== Work instructions ==
Emit a verbatim copy of the lines below from the line with "GJ.78, 1884 Little" through the line with "Gourmet Perle kapsičky", excluding pictures and everything outside that range.

== Supplied data ==
━━━━━━━━━━━━━━━━
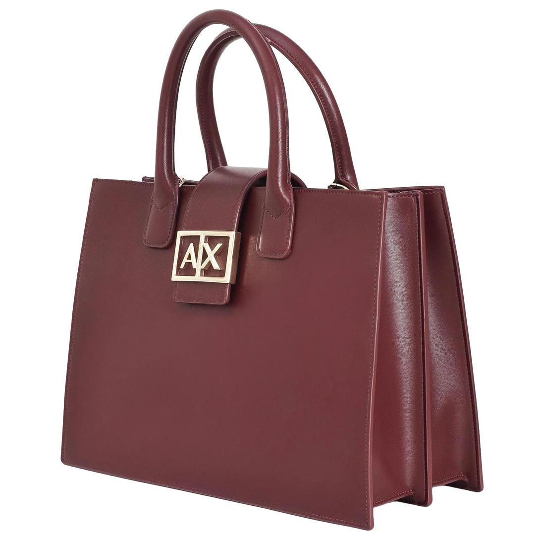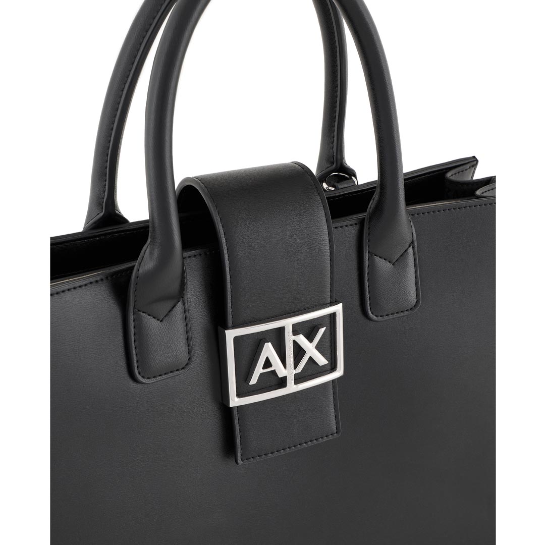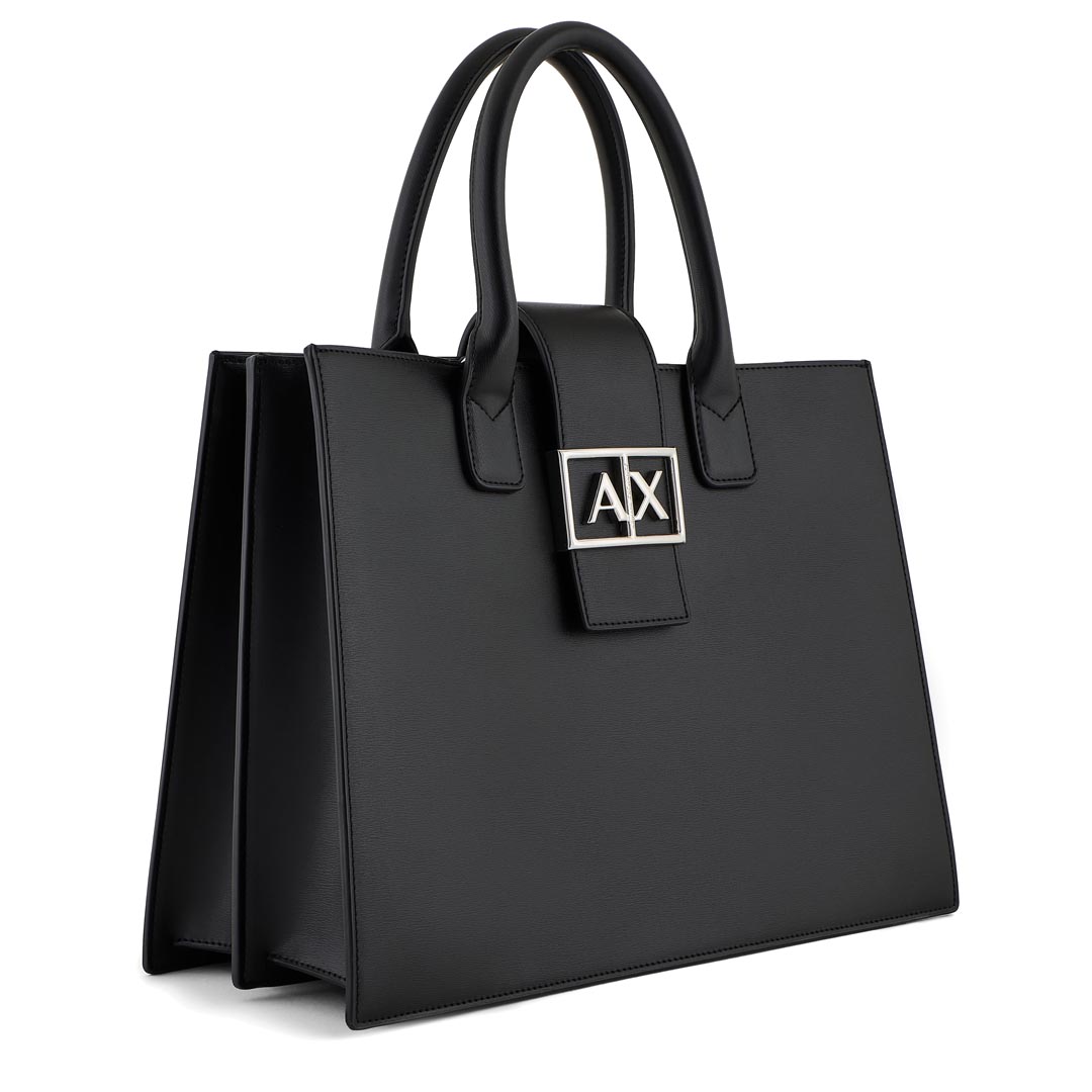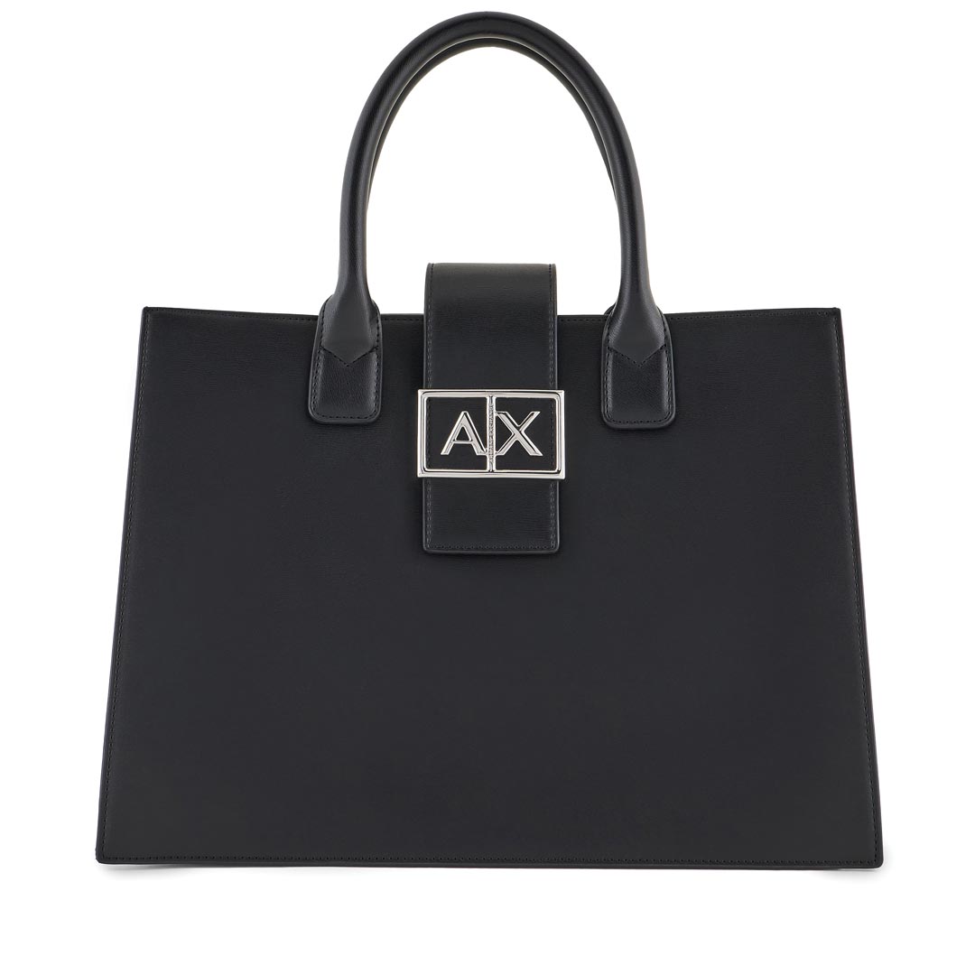 Elegant and sophisticated trapezoid-shaped handbag. The structured design gives it a modern and versatile look, perfect for any occasion. The removable shoulder strap allows it to easily transform from a handbag or shoulder bag, offering practicality and style. The snap closure ensures security and ease of use, while the logo decoration adds a distinctive and refined touch. A chic and functional accessory, ideal for completing any outfit with elegance. Faux leather handbag. Decorative logo detail. Snap closure. Two handles. Internal pocket. Removable shoulder strap. Dimensions: 33.5 x 14 x 23 cm.
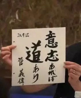 看看菅義偉的書法:「有志者事竟成」,的確是他人生的寫照。
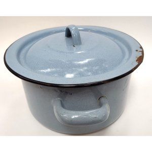 Enamel Ware Pot Light Blue 7 Inches Wide 4 Inches High 7 Inches Diameter Vintage
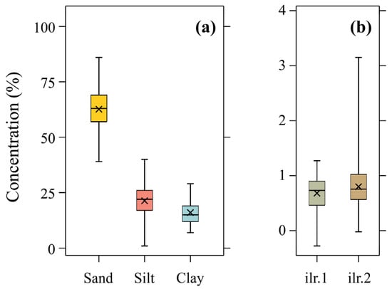 Box plots of the (a) soil textural particle size fractions (sand, silt, and clay) and (b) isometric log-ratio (ilr) transformed data (ilr.1 and ilr.2).
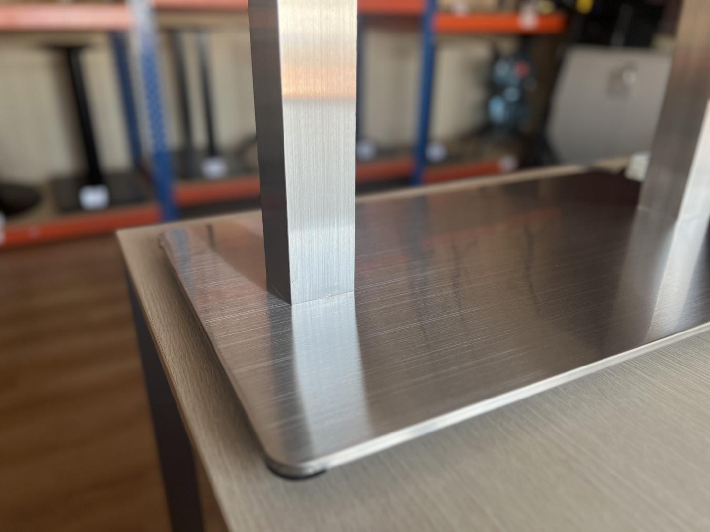 Двойное подстолье 4116 из нержавеющей стали с прямоугольным основанием и квадратными стойками (не круглые!). Матовая, сатинированная поверхность подстолья имеет не зеркальный, а холодный, металлический блеск. В отличие от хромированного на такой поверхности не так заметны пятна и разводы.Обращайте внимание на массу - более 20 кг, поэтому устойчивое. На рынке встречаются более легкие аналоги, а здесь важен каждый килограмм.У этого подстолья есть четыре одинарных компаньона в разных размерах и с квадратным, и круглым основаниеми: подстолье 4110 и с круглым основанием: подстолье 4105
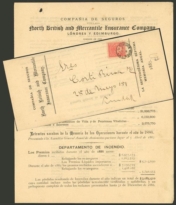 GJ.78, 1884 Little Envelope 1c. franking ALONE a printed document posted in Buenos Aires on 25/JUL/1887. The publication is a balance sheet of the North British and Mercantile insurance company, excellent quality! (Image)
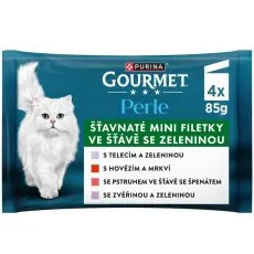 Gourmet Perle kapsičky pre mačky teľacie, divina, hovädzie, pstruh v šťave 4x85 g
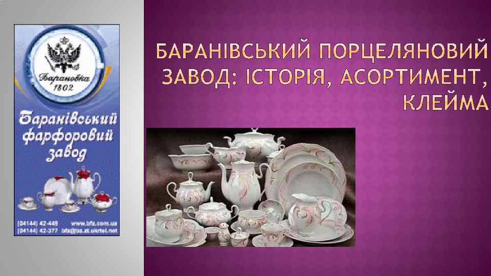 1802 -2011 рр. Адрес: Украина, 12700, Житомирская обл. , Барановка, Ленина ул. , 55 Директор – КУЛАКЕВИЧ Виктор Арсентиевич тел/факс: +38 041 444 -24 -87 Секретарь – тел/факс: +38 041 444 -24 -65
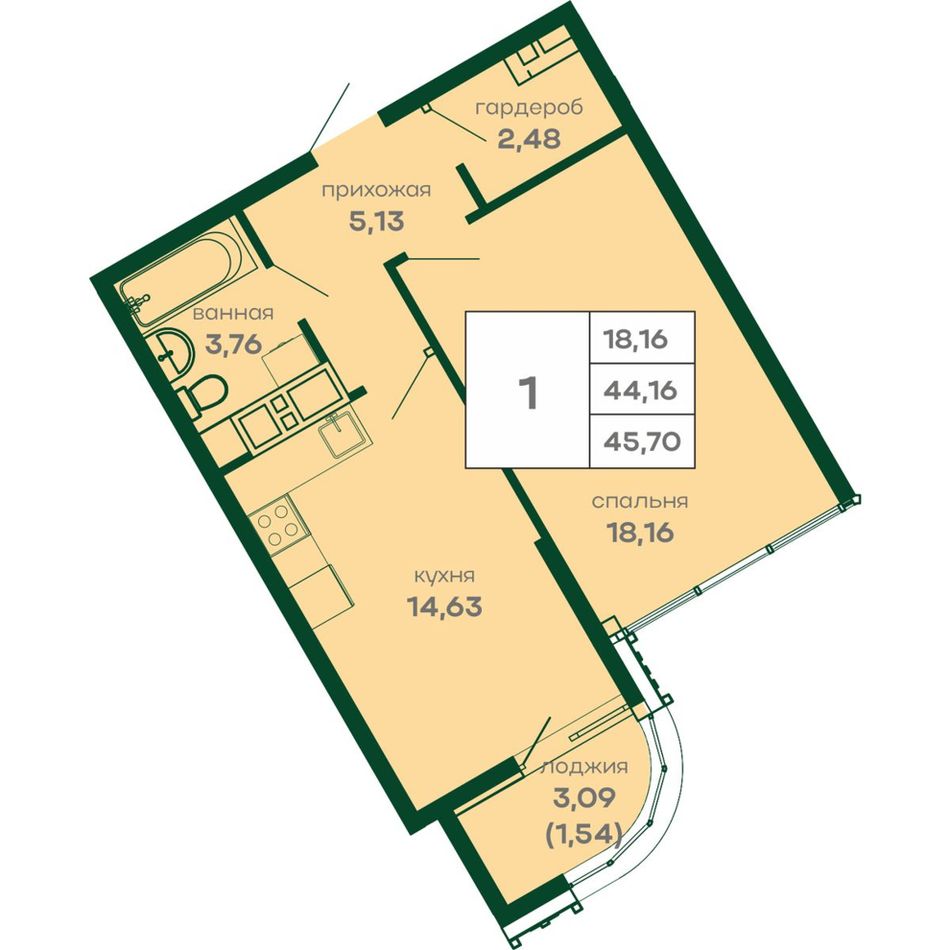 1-комнатная — 45,7 м² 3/17 эт. в СкайПАРК
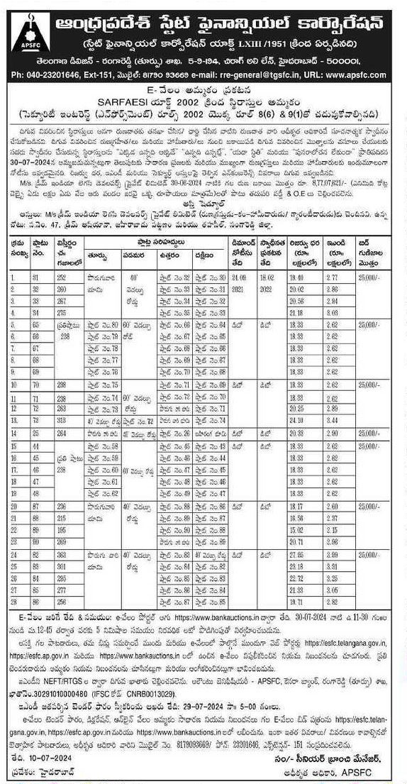 | Contact Details: | Contact The Authorized Officer: 8179093669 / Ph. 23201646, Ext-151. |
━━━━━━━━━━━━━━━━
== Written solution ==
 GJ.78, 1884 Little Envelope 1c. franking ALONE a printed document posted in Buenos Aires on 25/JUL/1887. The publication is a balance sheet of the North British and Mercantile insurance company, excellent quality! (Image)
 Gourmet Perle kapsičky pre mačky teľacie, divina, hovädzie, pstruh v šťave 4x85 g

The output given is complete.